EXERCISE BRIEF -> Transcribe the entries below without changing a word, and omit every picture.

== Segment start ==

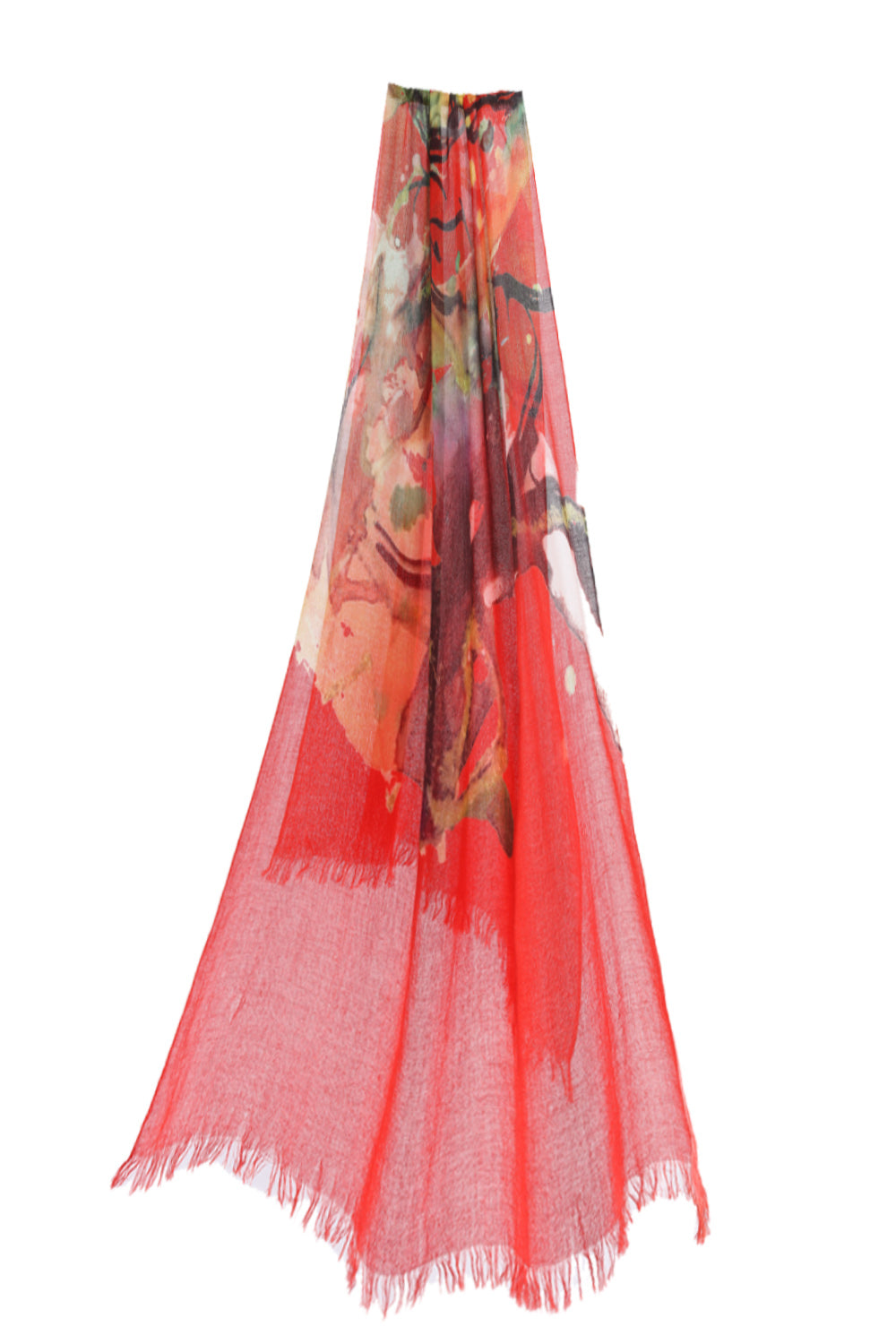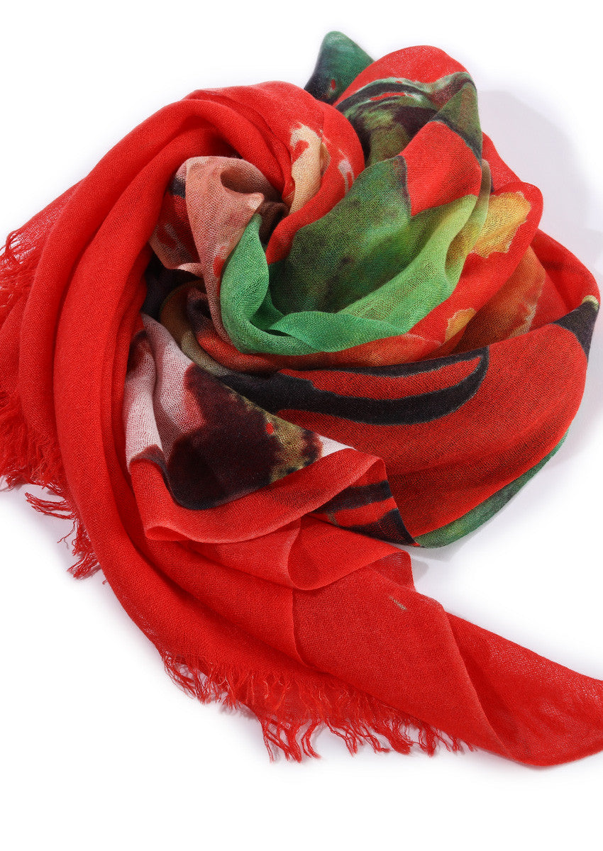 This scarf creation by French artist Francesca Brenda Mitterrand presents "Man and Woman”,an abstract painting expressing the love between the two; the artist's creativity is brought to life via digital printing technology.
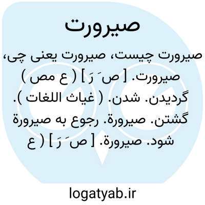 صیرورت. [ ص َ رَ ] ( ع مص ) گردیدن. شدن. ( غیاث اللغات ). گشتن. صیرورة. رجوع به صیرورة شود.
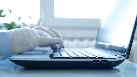 Closeup Image with Hands Wearing Protective Gloves Using the Laptop Keypad
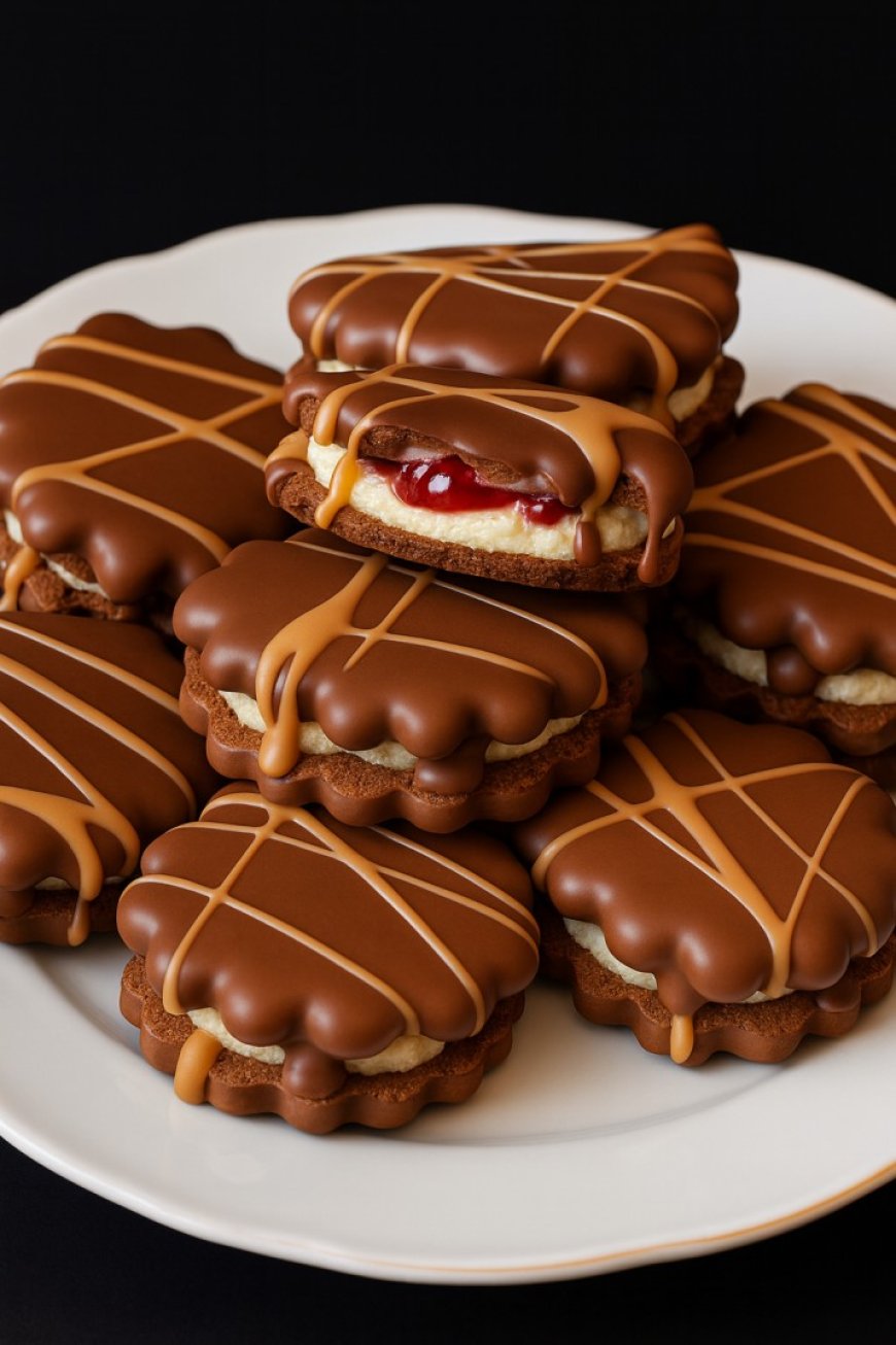 Diese edlen Sandwich-Kekse sind eine perfekte Kombination aus knusprigem Mürbteig, cremiger Vanillefüllung und einem fruchtigen Kern aus Kirsch- oder Himbeerkonfitüre. Überzogen mit einer glänzenden Vollmilchschicht und feinen Karamelllinien erinnern sie an luxuriöse Confiserie-Pralinen. Die Kekse sind ideal für festliche Anlässe, Geschenkdosen oder als dekoratives Highlight auf einer Kaffeetafel. Trotz ihres eleganten Aussehens lassen sie sich mit etwas Geduld wunderbar zu Hause herstellen – und das Ergebnis ist sowohl geschmacklich als auch optisch ein absoluter Genuss.
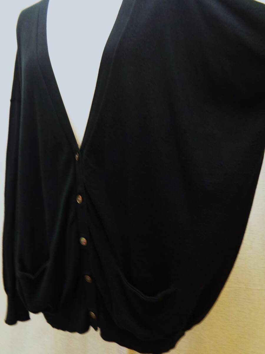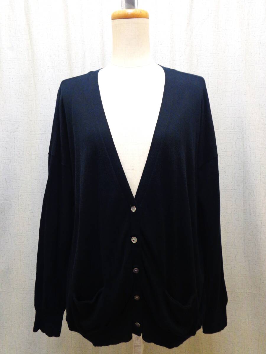 ◇◇『ズッカ』:ネイビーの麻混カットソー素材、オーバーサイズシルエットのカーディガンです。 V開き・釦フロント、前裾にタック入りでドレープのでるシルエットになります。
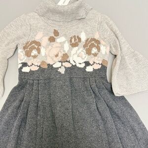Janie And Jack Dress Size 18 To 24 Months Grey Floral Pattern Turtle Neck Dress
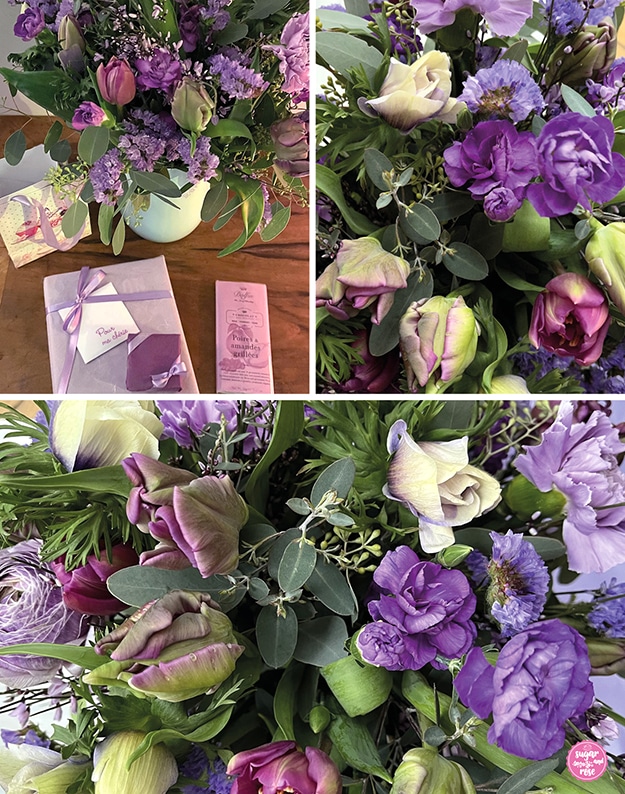 Die Valentinstagsblumen von letztem Jahr möchte ich euch unbedingt zeigen, damit ihr wisst, warum meine Vorfreude berechtigt ist: ein Traum von Frühlingsstrauß in Very Peri, der Pantone-Farbe des Jahres 2022.
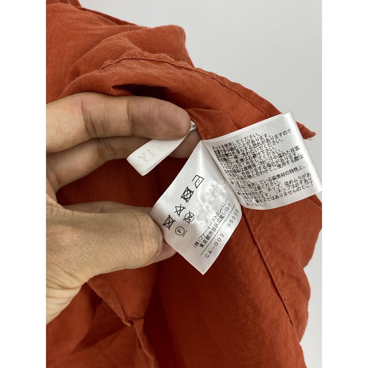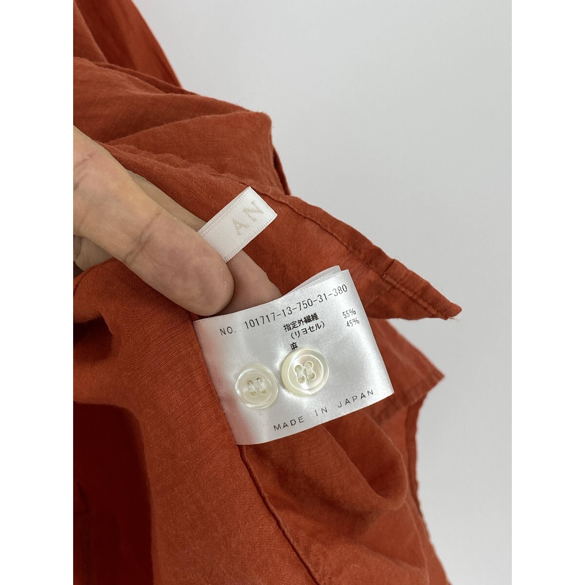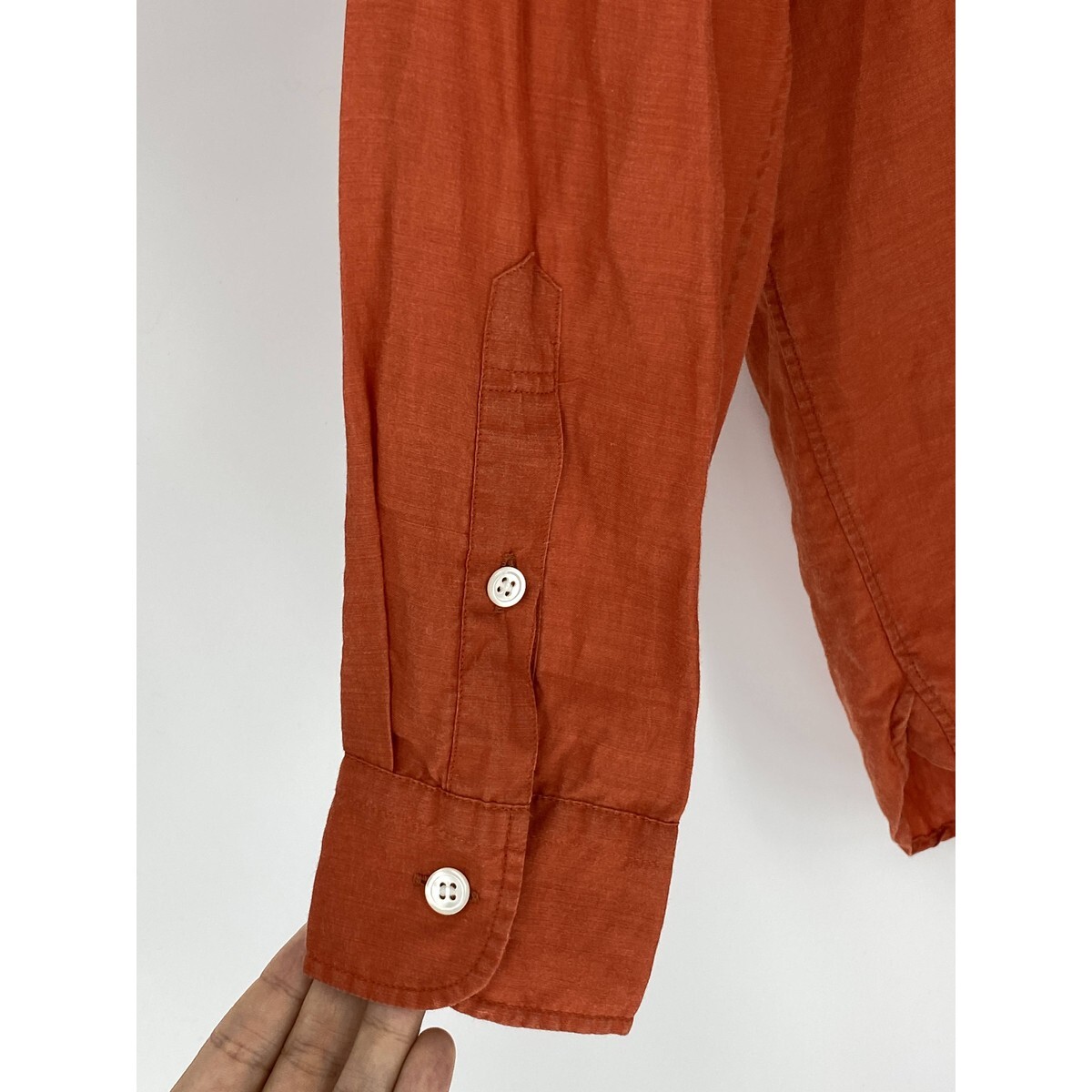 B0381/極美品 ANAYI アナイ リネン 長袖 オーバーサイズ ロング ドレス カッター Yシャツ ブラウス FREE オレンジ レディース チュニック
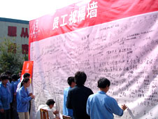 員工在祝福墻上寫下對(duì)公司的生日祝福
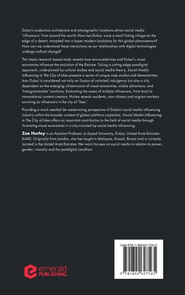 Providing a much-needed de-Westernising perspectives of Dubaiâ s social media influencing industry within the broader context of global platform capitalism, Zoe Hurley offers an important contribution to the field of social media through illustrating visible economies in a city circuited by social media influencing.
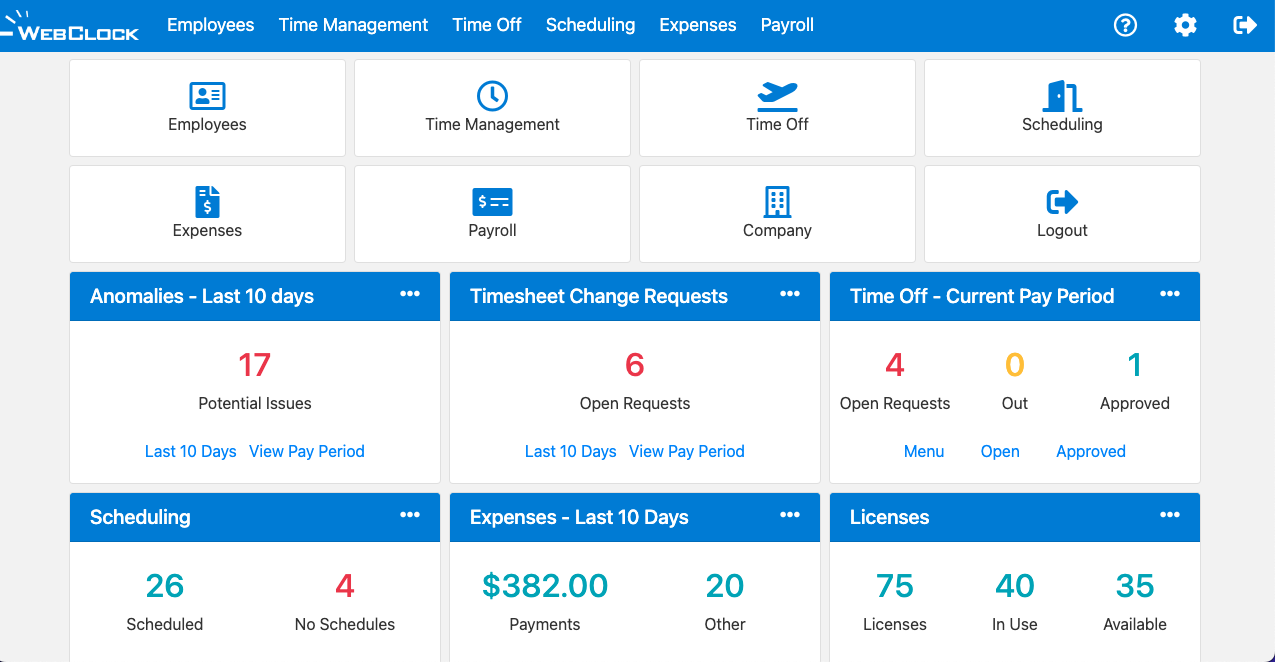 Overall: We have had a great experience with WebClock so far. We would recommend this product to anyone needing a time tracking system.
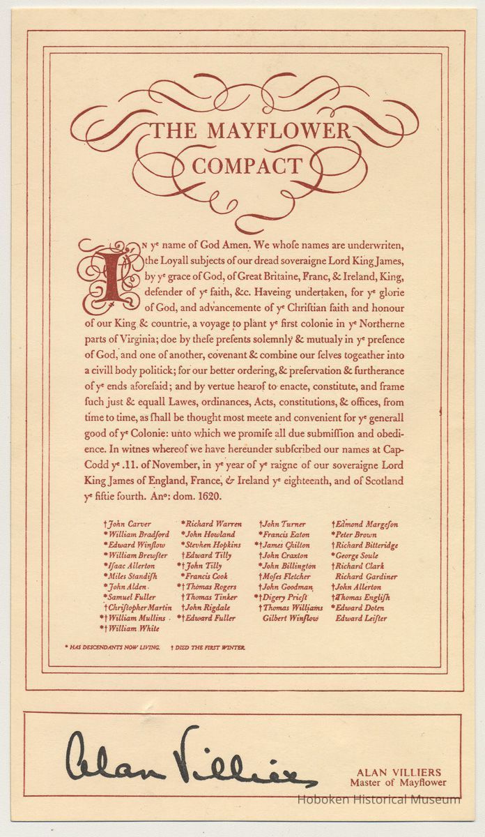 Enclosure: The Mayflower Compact. Holographic signature at bottom of Alan Villiers, Master of the Mayflower (II). The text of the compact is printed along with the names of the signers. Asterisks indicated those men who had descendants now living and daggers for those who died in the first year.
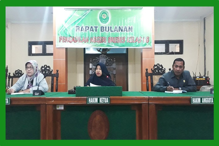 (Brebes, 06 Agustus 2019) Bertempat di ruang sidang Cakra Pengadilan Negeri Brebes, diadakan Rapat Bulanan yang dihadiri segenap Hakim, Karyawan/ti,
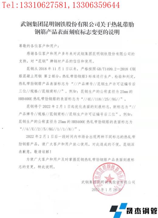 為使廣大客戶和用戶及時掌握昆鋼熱軋帶肋鋼筋產品表面刻痕標志的變更,特此說明。

== Segment end ==

RESPONSE TO THIS EXERCISE ->
 This scarf creation by French artist Francesca Brenda Mitterrand presents "Man and Woman”,an abstract painting expressing the love between the two; the artist's creativity is brought to life via digital printing technology.
 صیرورت. [ ص َ رَ ] ( ع مص ) گردیدن. شدن. ( غیاث اللغات ). گشتن. صیرورة. رجوع به صیرورة شود.
 Closeup Image with Hands Wearing Protective Gloves Using the Laptop Keypad
 Diese edlen Sandwich-Kekse sind eine perfekte Kombination aus knusprigem Mürbteig, cremiger Vanillefüllung und einem fruchtigen Kern aus Kirsch- oder Himbeerkonfitüre. Überzogen mit einer glänzenden Vollmilchschicht und feinen Karamelllinien erinnern sie an luxuriöse Confiserie-Pralinen. Die Kekse sind ideal für festliche Anlässe, Geschenkdosen oder als dekoratives Highlight auf einer Kaffeetafel. Trotz ihres eleganten Aussehens lassen sie sich mit etwas Geduld wunderbar zu Hause herstellen – und das Ergebnis ist sowohl geschmacklich als auch optisch ein absoluter Genuss.
 ◇◇『ズッカ』:ネイビーの麻混カットソー素材、オーバーサイズシルエットのカーディガンです。 V開き・釦フロント、前裾にタック入りでドレープのでるシルエットになります。
Janie And Jack Dress Size 18 To 24 Months Grey Floral Pattern Turtle Neck Dress
 Die Valentinstagsblumen von letztem Jahr möchte ich euch unbedingt zeigen, damit ihr wisst, warum meine Vorfreude berechtigt ist: ein Traum von Frühlingsstrauß in Very Peri, der Pantone-Farbe des Jahres 2022.
 B0381/極美品 ANAYI アナイ リネン 長袖 オーバーサイズ ロング ドレス カッター Yシャツ ブラウス FREE オレンジ レディース チュニック
 員工在祝福墻上寫下對(duì)公司的生日祝福
 Providing a much-needed de-Westernising perspectives of Dubaiâ s social media influencing industry within the broader context of global platform capitalism, Zoe Hurley offers an important contribution to the field of social media through illustrating visible economies in a city circuited by social media influencing.
 Overall: We have had a great experience with WebClock so far. We would recommend this product to anyone needing a time tracking system.
 Enclosure: The Mayflower Compact. Holographic signature at bottom of Alan Villiers, Master of the Mayflower (II). The text of the compact is printed along with the names of the signers. Asterisks indicated those men who had descendants now living and daggers for those who died in the first year.
 (Brebes, 06 Agustus 2019) Bertempat di ruang sidang Cakra Pengadilan Negeri Brebes, diadakan Rapat Bulanan yang dihadiri segenap Hakim, Karyawan/ti,
 為使廣大客戶和用戶及時掌握昆鋼熱軋帶肋鋼筋產品表面刻痕標志的變更,特此說明。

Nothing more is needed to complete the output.